2016 - Spring

Writing Social Commentary

Course Number: JOUR-GA 1281.001

Day & Time: Wednesday, 1:00pm-4:40pm

Location: 7th Floor Library

Instructor: Kate Bolick

(CRC Priority / Instructor Approval Required)

WRITING SOCIAL COMMENTARY: PERSONAL ANTHROPOLOGY
At its best, first-person journalism about contemporary issues can be electrifying, rousing readers to see anew their own surroundings; done poorly, it’s boring and irrelevant. In this weekly seminar, students will learn how to connect their deepest concerns with the broader social and political environment, and write in-depth nonfiction that combines memoir with on-the-ground reporting and historical research. As a class, we’ll read seminal essays by great American practitioners past and present—Margaret Fuller, Henry David Thoreau, Charlotte Perkins Gilman, James Baldwin, Gore Vidal, Merle Miller, Ellen Willis, Richard Rodriguez, Barbara Ehrenreich, Rebecca Solnit, among others—to see how they did it, and invite a few working writers to share their secrets.

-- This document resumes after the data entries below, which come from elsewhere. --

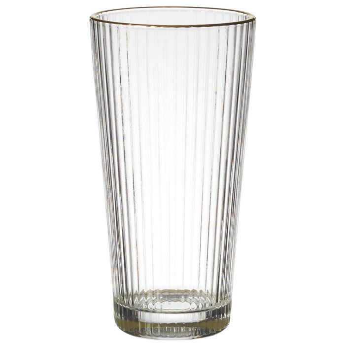 - Vaso transparente con textura acanalada y ribete dorado.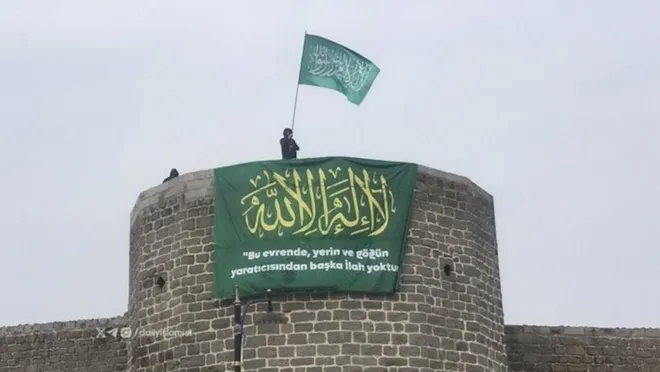 Diyarbakır’da surlara ve şehrin çeşitli noktalarına ‘Yaşasın Şeriat ve Tevhid’ yazılı bayraklar ve pankartlar asılmıştı.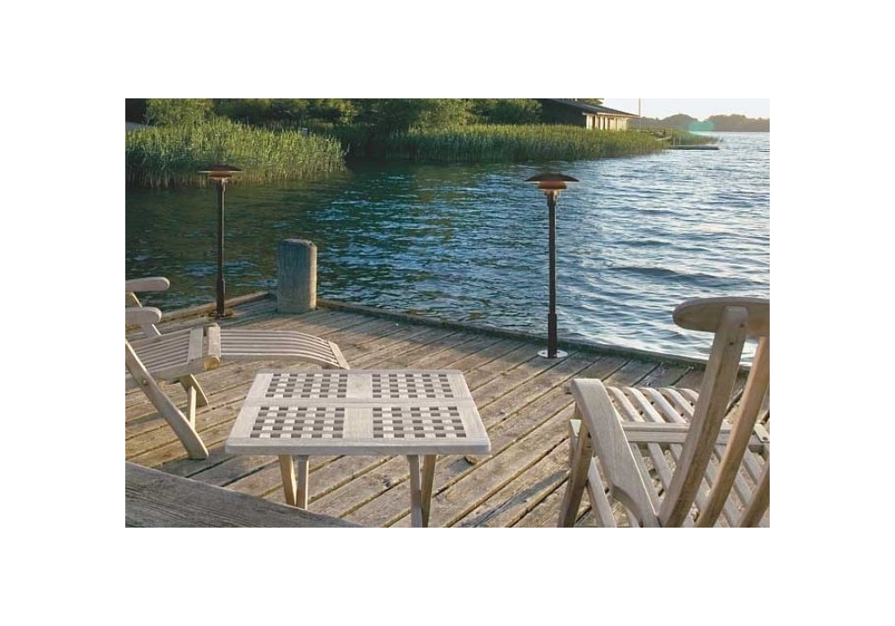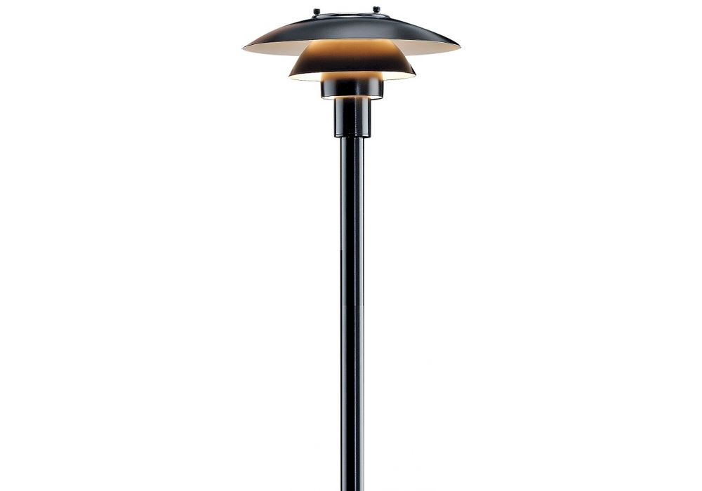 PH 3-2½, von Poul Henningsen für Louis Poulsen entworfen, ist eine Stehleuchte für den Außenbereich, die vollständig aus schwarz pulverbeschichtetem, gezogenem Edelstahl besteht. Der Diffusor besteht aus geformtem Glas und schirmt eine LED- oder Halogenlichtquelle mit E27-Fassung ab. PH 3-2½ wird mit Bodenankerplatte geliefert.

Students can choose and stay with a single subject for the entire semester, writing and re-writing one 5,000-word essay, or address several different topics with three separate 1,500-word essays. Everyone will be responsible for finding and sharing two essays—one good, one bad—that relate to his or her subject(s), and explaining to the class why they do and do not work.